- Work item -
Could you print the stretch of lines below from the one with "Green Silk Mirror" through the one with "Come ogni anno", exactly as they stand and without any pictures?

- Supplied records -
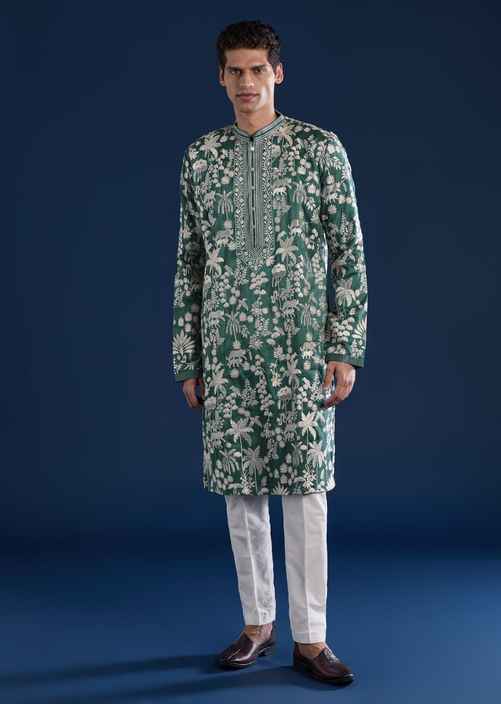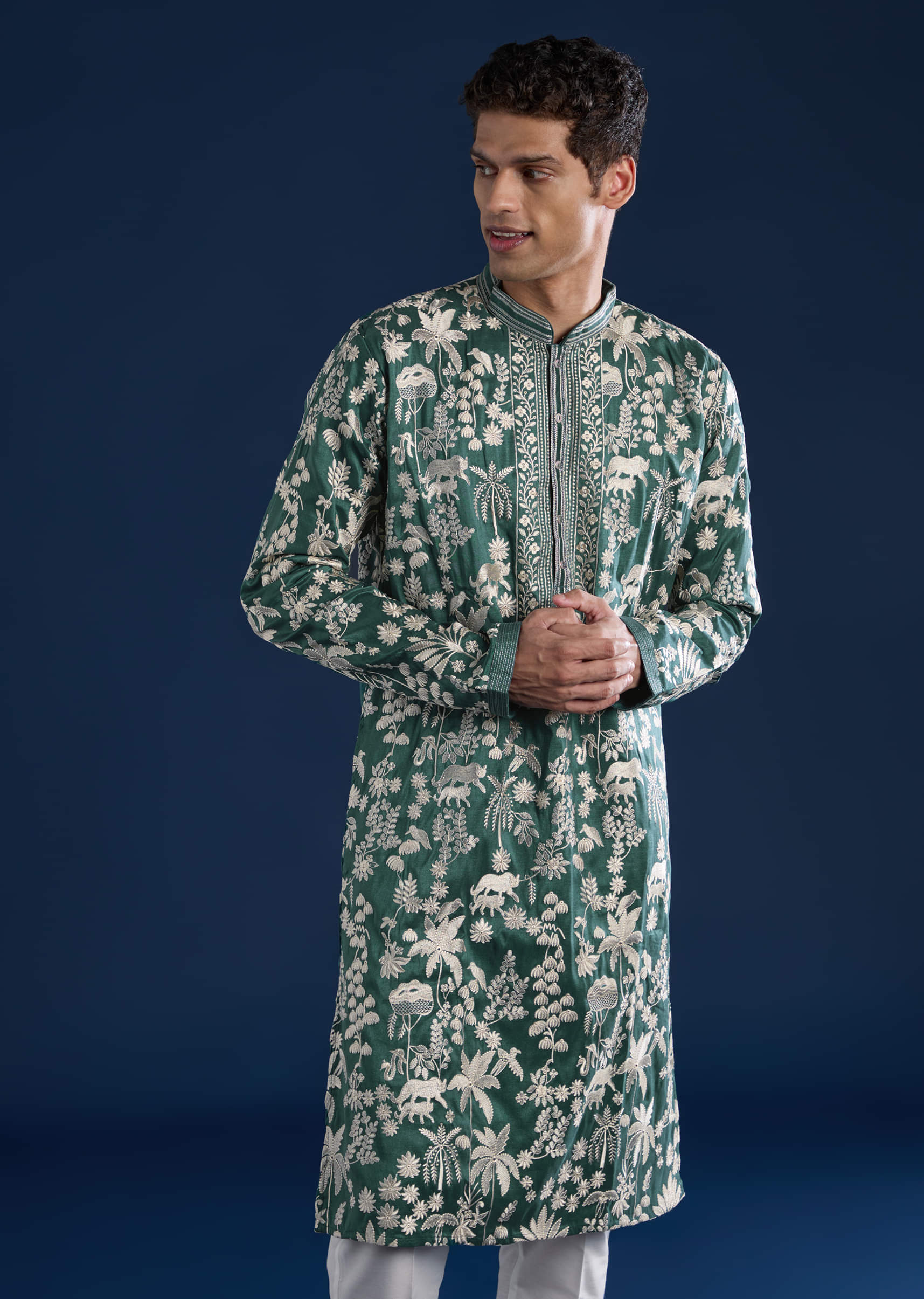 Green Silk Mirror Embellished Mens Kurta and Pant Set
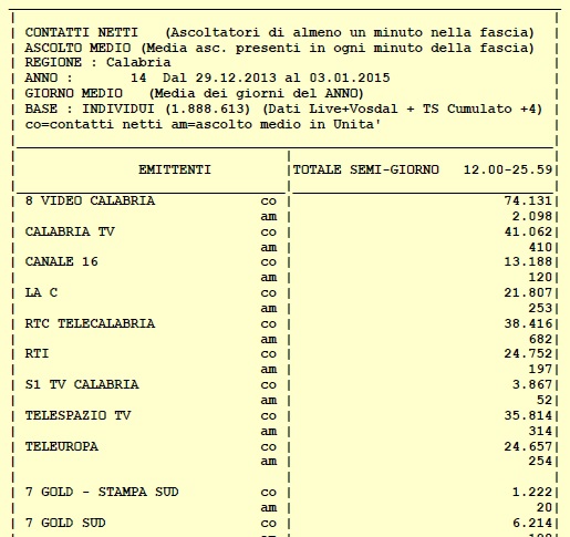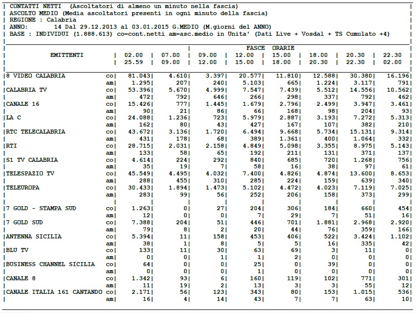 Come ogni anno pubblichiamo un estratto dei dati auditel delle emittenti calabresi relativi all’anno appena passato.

--

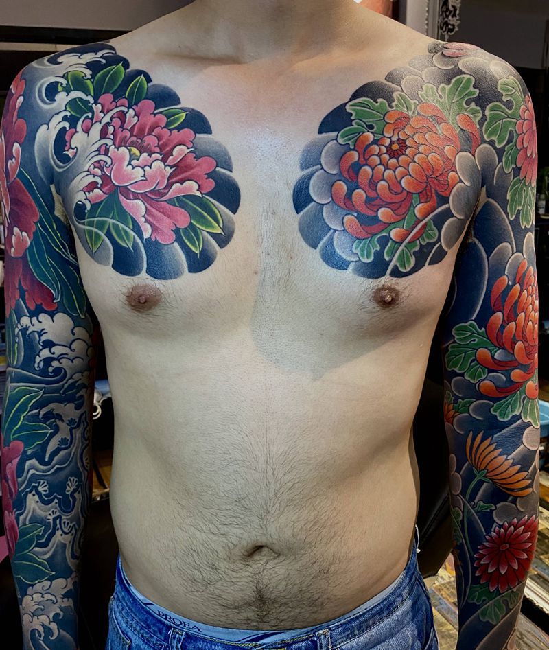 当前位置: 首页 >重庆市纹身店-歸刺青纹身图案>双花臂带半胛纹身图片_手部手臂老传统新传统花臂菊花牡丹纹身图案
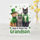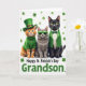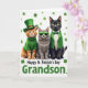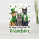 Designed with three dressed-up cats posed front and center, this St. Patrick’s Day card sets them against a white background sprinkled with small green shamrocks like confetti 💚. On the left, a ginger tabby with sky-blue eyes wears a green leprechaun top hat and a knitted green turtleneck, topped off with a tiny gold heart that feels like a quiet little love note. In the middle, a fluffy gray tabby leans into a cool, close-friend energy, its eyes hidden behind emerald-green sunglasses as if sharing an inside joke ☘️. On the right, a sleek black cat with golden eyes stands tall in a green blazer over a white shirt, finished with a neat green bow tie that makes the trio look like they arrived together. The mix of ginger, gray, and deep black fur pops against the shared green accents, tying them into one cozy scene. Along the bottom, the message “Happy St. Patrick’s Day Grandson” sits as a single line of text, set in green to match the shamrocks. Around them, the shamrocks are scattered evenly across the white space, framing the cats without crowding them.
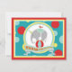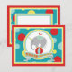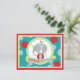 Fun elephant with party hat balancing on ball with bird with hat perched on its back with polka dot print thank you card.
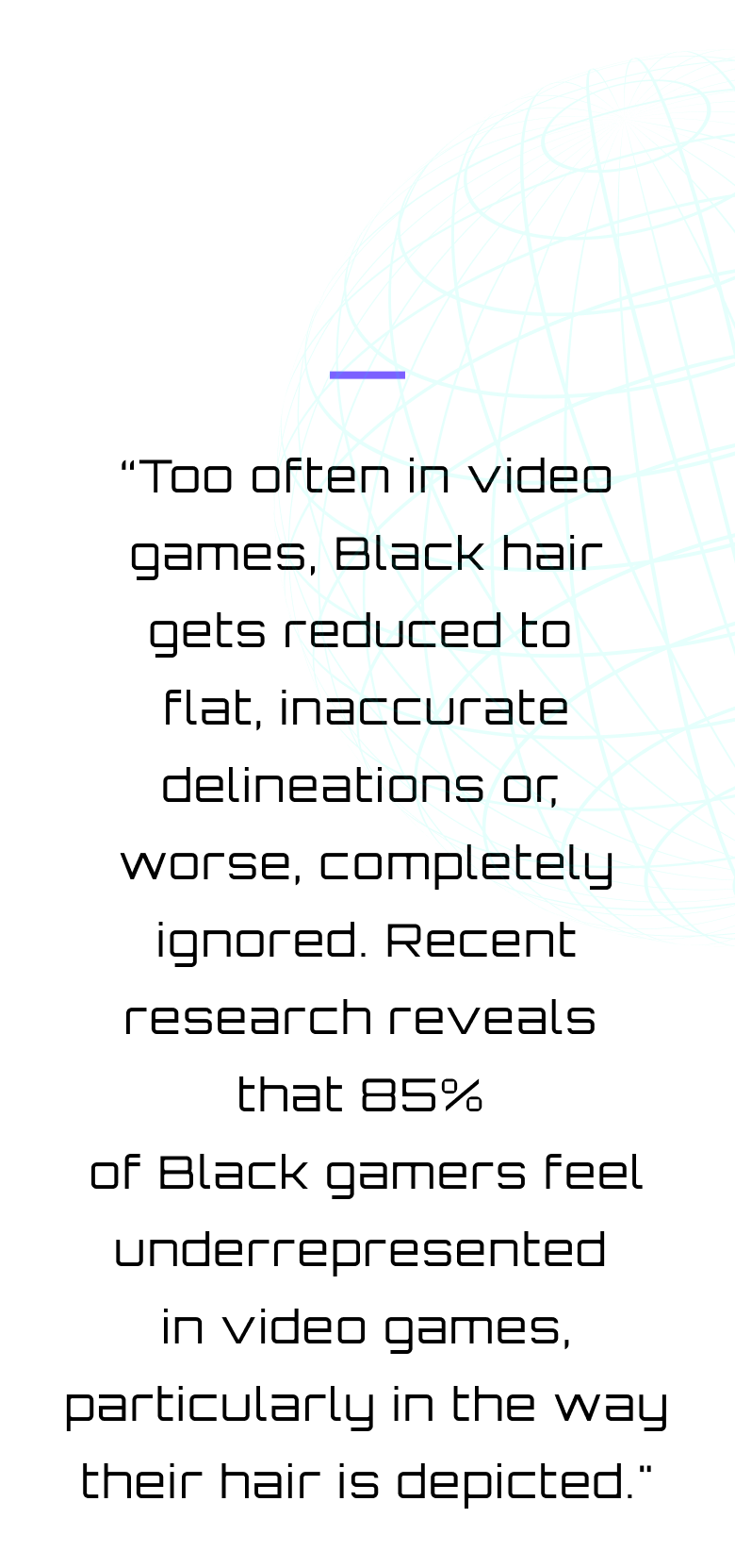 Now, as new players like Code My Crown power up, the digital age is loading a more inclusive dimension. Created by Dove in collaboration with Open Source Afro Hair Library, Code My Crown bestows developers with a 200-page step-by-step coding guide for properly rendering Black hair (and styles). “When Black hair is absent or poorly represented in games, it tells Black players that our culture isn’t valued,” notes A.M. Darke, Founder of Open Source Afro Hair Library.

- Written answer -
 Green Silk Mirror Embellished Mens Kurta and Pant Set
 Come ogni anno pubblichiamo un estratto dei dati auditel delle emittenti calabresi relativi all’anno appena passato.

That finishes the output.